→ **Entries supplied**
======

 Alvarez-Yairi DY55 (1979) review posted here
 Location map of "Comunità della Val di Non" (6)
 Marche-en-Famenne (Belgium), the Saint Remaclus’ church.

======

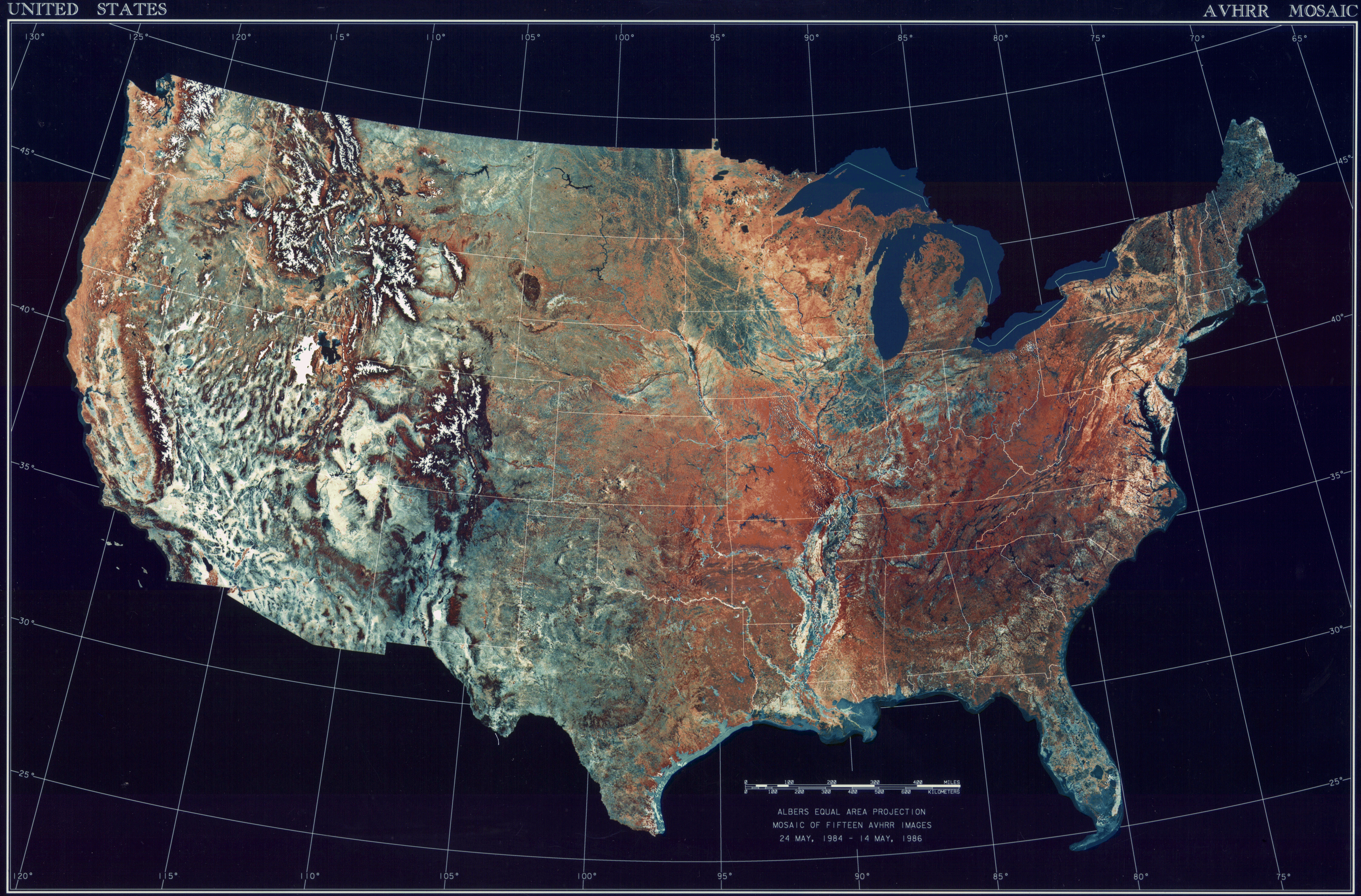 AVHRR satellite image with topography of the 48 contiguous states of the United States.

======

→ **Prompt**
Everything in the material above from the line that has "Alvarez-Yairi DY55 (1979) review posted here" through the line that has "Marche-en-Famenne (Belgium), the" must be duplicated exactly, with no other lines given.

→ **The answer**
 Alvarez-Yairi DY55 (1979) review posted here
 Location map of "Comunità della Val di Non" (6)
 Marche-en-Famenne (Belgium), the Saint Remaclus’ church.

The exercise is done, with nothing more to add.